Engineering Lead · Data & AI Platforms

Aaditya
Gupta.

I build the unglamorous machinery that lets Data & AI products actually ship — at scale, on budget, in regulated environments.

Based
India · NCR
Now
Senior Associate L2, Publicis Sapient
Focus
Data platforms, multi-tenant AI
Years
Seven, and counting.
i. Preface

A short introduction.

About

For seven years I've worked on the less-visible side of software — pipelines, schemas, warehouses, tenancy boundaries, and the architecture decisions that quietly determine whether a system survives its second year. That data engineering foundation is what I'm bringing to the current era of AI products: they need clean ingestion, sane evaluation, and predictable cost just as badly as any analytics platform ever did. Today I lead teams building these platforms for healthcare, pharma, and enterprise analytics.

That foundation came from years on sales analytics and payment-integrity programs measured in tens of millions of dollars — HIPAA-compliant pipelines, data quality systems, on-prem-to-cloud migrations. It's also what's let me co-architect a multi-tenant competitive-intelligence platform: multiple services & AI agents, a multi-quarter scope shipped in eight weeks of focused delivery. I care about clean data, evaluation harnesses that tell the truth, cost-aware AI, and engineers who feel trusted enough to ship.

7  years data engineering 6  engineers led ~90%  data quality lift, DQMS on Databricks AI PLATFORM
ii. Trajectory

Seven years, four chapters.

From building data pipelines to designing the platforms they live in — a chronological account of the work, the teams, and the wins worth remembering.

  1. May 2025 — Present

    Engineering Lead, Data & AI Platforms

    Publicis Sapient · Senior Associate, Data Engineering L2

    Leading data engineering and AI platform delivery across two enterprise client engagements in healthcare and pharma analytics — owning architecture decisions, sprint scoping, and cross-functional collaboration with product, compliance, and US-based client-partner teams.

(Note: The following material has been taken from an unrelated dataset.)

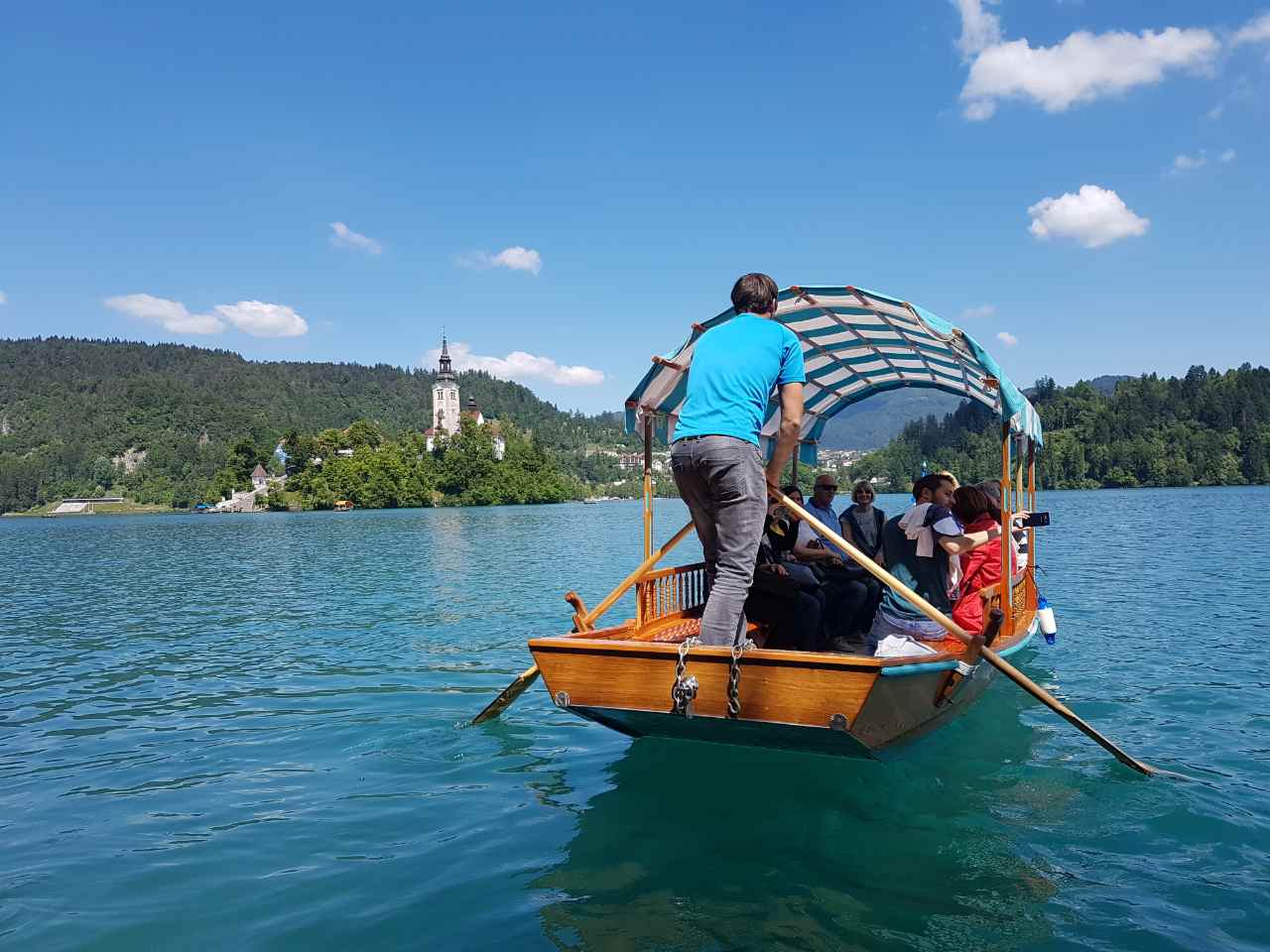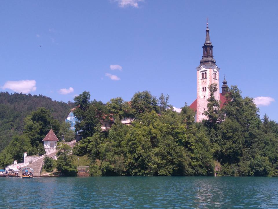 Ubrzo je mašta postala stvarnost iako nas je predivni Bled na trenutke vraćao u svijet mašte svojom nestvarnom ljepotom. Očaravajući prizor – jezero u podnožju Alpa, u daljini se nazire dvorac na 130 metara visokoj litici, u središtu je otočić okružen zelenilom jezera i drveća, a ispod Titove vile 30 glasnih Hrvata u iščekivanju novoga prijevoznog sredstva – brodića „pletne“ koji vozi do otočića. Iako je omjer Hrvaška : Slovenija – 1185 : 1, ipak nas je ovaj jedan, ali vrijedan slovenski otočić zadivio.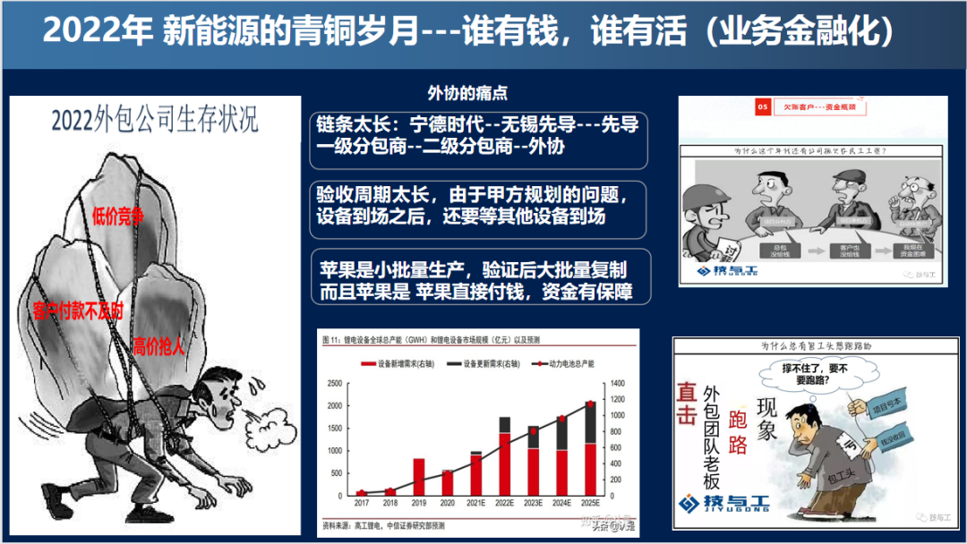 2、代工型企业:代工型企业,公司老板属于做业务或者做供应链管理出身,公司人员中业务人员和项目管理人员较多,代工型的企业接到的很多都不是一手单,很可能是博众、赛腾、先导的二手单,二手单的周期比较长,垫资风险比较大。

    • Multi-source patient analytics consolidation — unified five disparate clinical, pharmacy and spend sources into a single Snowflake-native data product, collapsing analyst time-to-insight from days to seconds.
    • Streaming MDM crosswalk on Kafka + Databricks for insurance and member identity — established the publish-subscribe pattern as a reusable engagement asset.
    • Two production AI services shipped on a 15-microservice multi-tenant SaaS platform, plus platform-wide cost & quality patterns (see project below).
  2. June 2022 — March 2025

    Data Engineering Lead, Analytics Programs

    ZS Associates · Business Technology Solutions Consultant

    Led an engineering team of six across two flagship programs — Sales Analytics Growth Engine and Payment Integrity Analytics — driving roadmap, sprint planning, mentorship, and end-to-end delivery against multi-million-dollar business outcomes.

    • Architected scalable, HIPAA-compliant platforms on Azure / Databricks, including end-to-end cloud migration of legacy on-prem systems with 100% data consistency via Control-M, Jenkins, UCD.
    • Data Quality Management System on Databricks improved data accuracy by ~90% across multiple datasets — became the standard layer for downstream business reporting.
    • Strategic alt-architecture proposal aligned with the client's future roadmap — saved ~2 months of implementation time while preserving project scope and outcomes.
  3. Nov 2021 — June 2022

    Senior Data Engineer

    Mindtree Limited · Senior Software Engineer

    Built and optimized ETL pipelines and validation frameworks for production-grade ingestion across multiple sources — the kind of work that gets noticed only when it stops failing at 3am.

    • ~60% faster processing — rebuilt pipelines in PySpark + Pandas on Azure Databricks, with consistency holding across ingestion sources.
    • Automated scheduled loads via Python and Azure Data Factory, ensuring timely ingestion for downstream web applications.
    • Cross-source validation framework improving data accuracy and reliability across the stack.
  4. July 2019 — Oct 2021

    Data Engineer, Cloud & Search

    Tata Consultancy Services · System Engineer

    The first chapter — Azure data solutions on Cosmos DB, ADF and Cognitive Search, with a steady migration from Pandas to PySpark as workloads grew.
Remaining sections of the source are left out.